You can be forgiven if you have never heard of right-wing radio host Michael Berry. He’s one of what seems like hundreds who crawl out from under some slime covered rock for a few hours a day and try to draw attention to themselves by being more outrageous than Rush Limbaugh. But unlike some of the others, Berry doesn’t even try to hide his racism.
On October 1, Berry invited his audience to call in and give examples of stereotypical things that white people like. When a black caller named Felton said that white people like to talk about black people, the host went into a rant that was both racist, and in some regards, unfortunately truthful.
Berry tells Felton that “most” white people would like to be as far away from black people as possible, and that the only time white people even think about black people is when they are around them. It’s certainly true that some, perhaps even a substantial minority of whites, would like to avoid black people, it’s a real stretch to say that most white people feel that way.
Sadly, the second part of Berry’s assertion is probably true in many cases. Because of white privilege, many white people don’t think about black people, or about race, unless something reminds them of it. Black people, on the other hand, are frequently reminded that in the eyes of some, their skin color makes them a second class citizen.
Berry tells Felton this:
I’m telling you that if white people are not around black people, they literally never talk about them. I’ve spent time with both groups and I’ll tell you that black people are obsessed with white people and white people simply want to get away…

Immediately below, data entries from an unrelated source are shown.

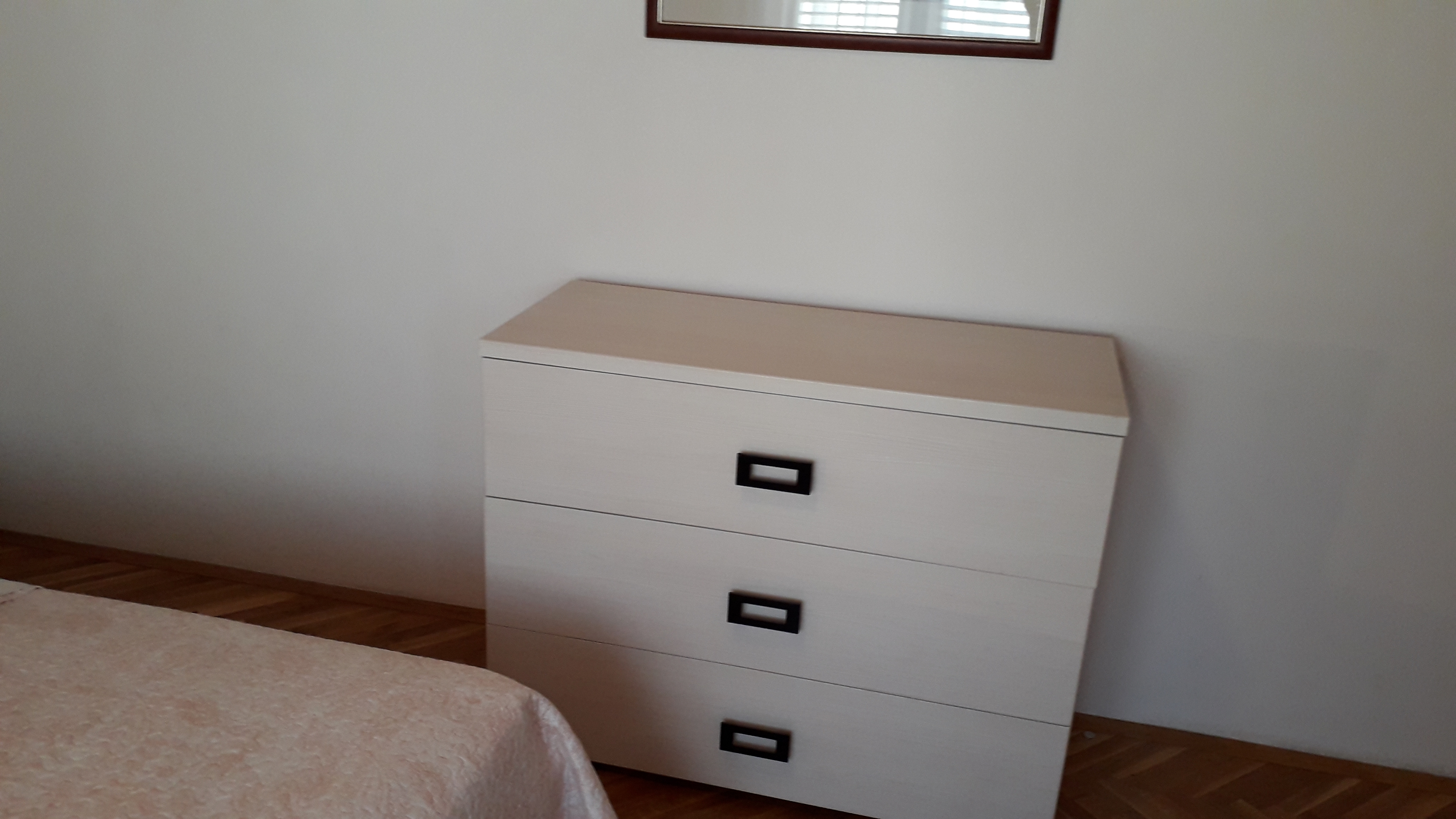 Apartament może przyjąć 4 gości. Łóżka znajdują się w sypialniach, których jest 2, na powierzchni 45m2. Goście mają dostęp do tarasu, by korzystać z ciepłych, letnich wieczorów. Z apartamentu roztacza się widok na morze. Możliwość przygotowywania posiłków poprzez korzystanie ze wspólnego grilla. WLICZONE W CENĘ: taksa pobytowa, sprzątanie końcowe, klimatyzacja, parking, internet, miejsce do cumowania łodzi. OBOWIĄZKOWE KOSZTY DODATKOWE: dopłata za krótki termin (procent dopłaty w zalezności od liczby noclegów: 30% - 1, 20% - 2, 10% - 3). Dostępność dodatkowych usług w rezerwowanym terminie oraz ich cenę (jeśli nie jest podana) należy sprawdzić wcześniej. Za dodatowe usługi, które nie zostały uwzględnione w kalkulacji ceny, płaci się bezpośrednio właścicielowi obiektu, pod warunkiem śe gość korzysta z tych usług. Zniżki od ceny podstawowej: bezpłatny dzień 14=13 (przy pobycie, trwającym co najmniej 14 dni, otrzymujecie jeden bezpłatny dzień na pobyt do 31.12.2026).
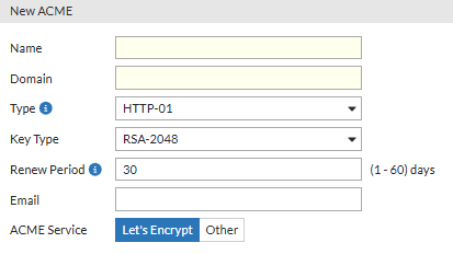 Once you have decided on the ACME certificate provider, you can configure the ACME certificate in FortiWeb. Both Let's Encrypt and Other options are supported as ACME Services; however, if using Other, an EAB Account is required.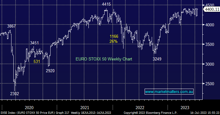 Not surprisingly European stocks joined in the “Global Party” all courtesy of one slight beat by US CPI i.e. as we said too many people were positioned the wrong way! We see no reason not to adopt a positive bias toward the EURO STOXX 50 but the risk/reward isn’t very exciting around the 4400 area.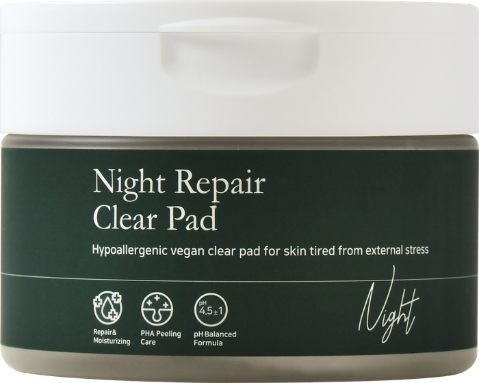 Night Repair Clear Pad нь өдөр тутмын шөнийн арчилгаанд зориулагдсан, арьсыг цэвэрлэх + гуужуулах + нөхөн сэргээх үйлчилгээг нэг дор үзүүлдэг тонер пад юм. Веган, хоёр талтай (dual embossing) бүтэцтэй, байгальд задардаг пад нь нэг тал нь арьсыг гуужуулж, нөгөө тал нь чийгшүүлдэг.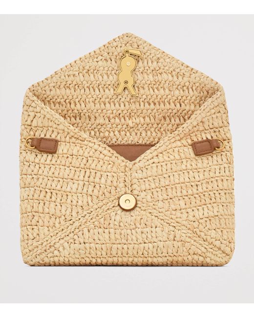 Saint Laurent's Cassandre silhouette is a celebration of the Maison's foundational aesthetic: fiercely elegant yet inherently coquettish. This summery raffia envelope shares its name with the artist Adolphe Mouron Cassandre, who in 1961 created the iconic ysl logo by artfully combining the initials of the label's founder - the very same emblem that punctuates the front flap of this love-forever cross-body pouch.
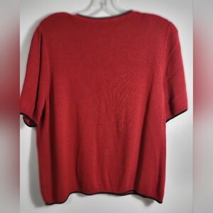 Red with black trim, button up sweater top, short sleeves, shoulder padding, v-neck, cropped, women's XL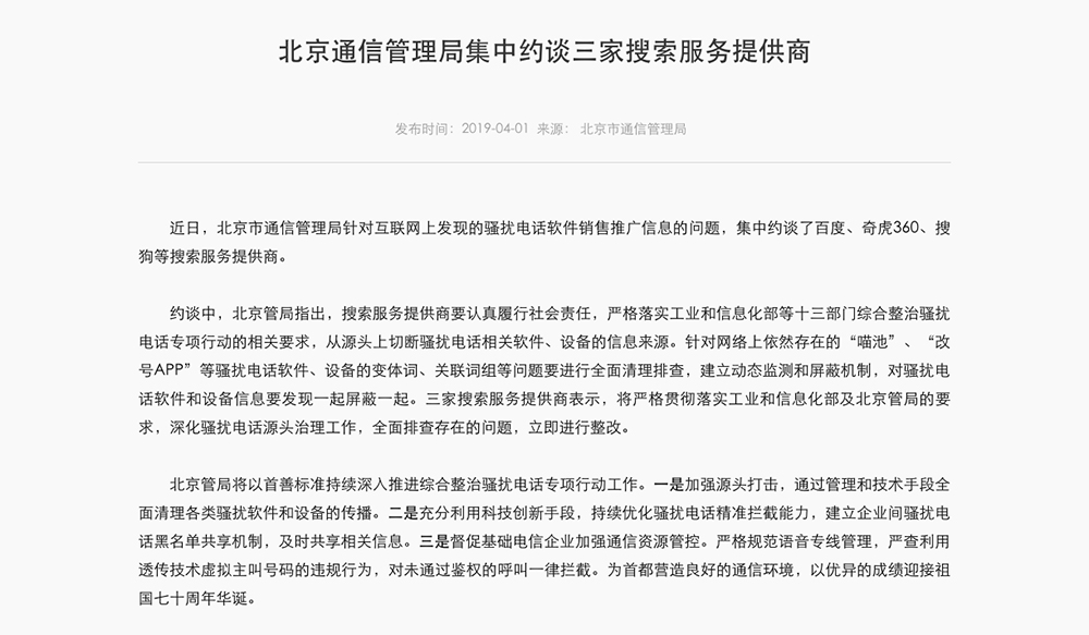 针对骚扰电话软件销售推广信息问题 北京通信管理局约谈搜索服务提供商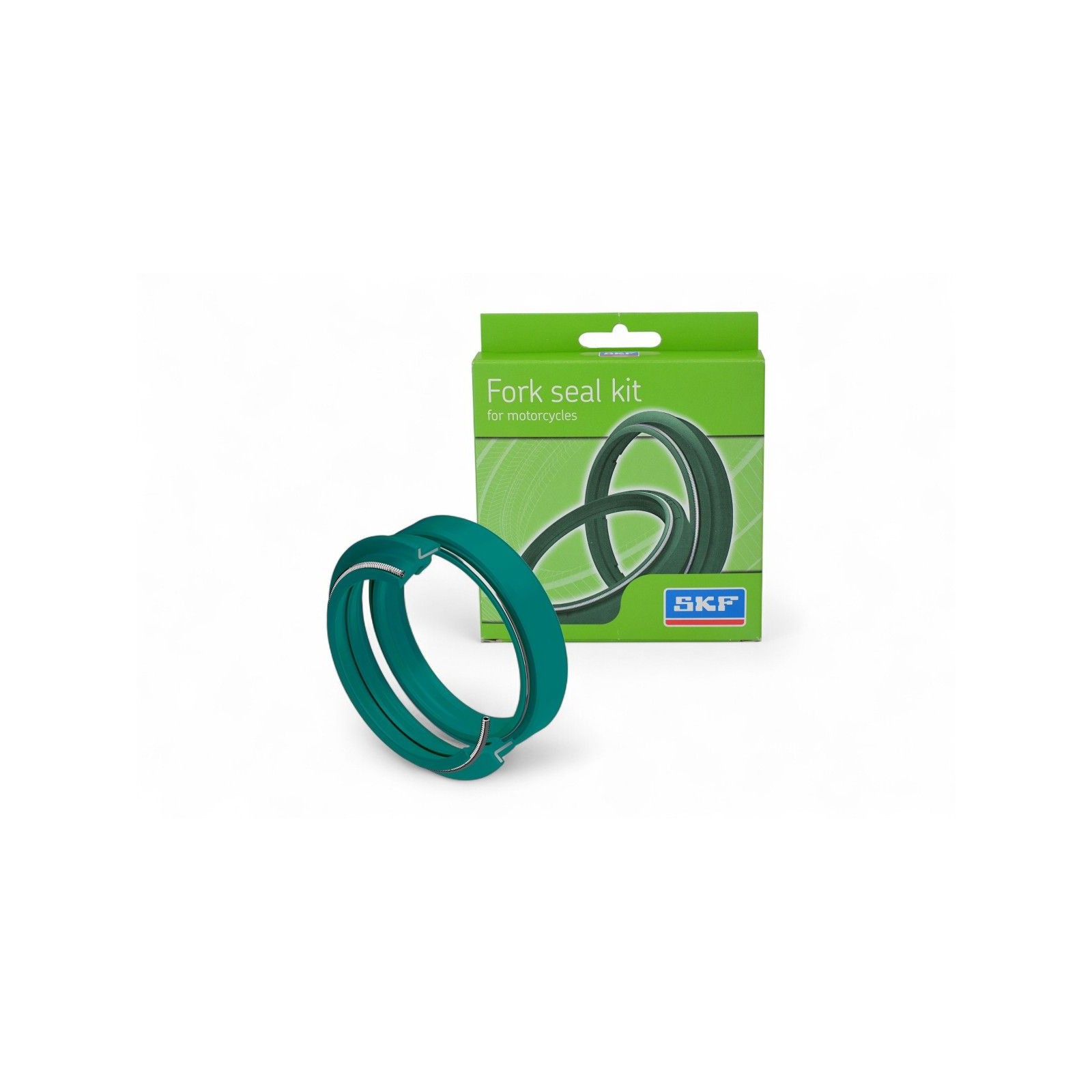 Kit composti da un paraolio e da un parapolvere SKF per forcelle, di colore verde. Versione a doppio labbro? per gli impieghi più gravosi.

The only time white people talk about black people is because black people cannot let them go. They can’t. Black people don’t know how to exist without white people around to blame their problems on.
This came from the same show that Berry opened by talking about “White History Month,” which he says white people are excited about. But, he says, they won’t admit that they’re excited about it because they don’t want to appear “narcissistic.” The whole monologue is a jab at Black History Month. Berry and others like him don’t approve of highlighting black and other minorities’ contributions to America, but they also don’t want to acknowledge one simple thing: we don’t need a “White History Month.” White Americans have had white history years, decades, even centuries, where their achievements (and even atrocities) have been lauded, and the achievements of minorities have been ignored.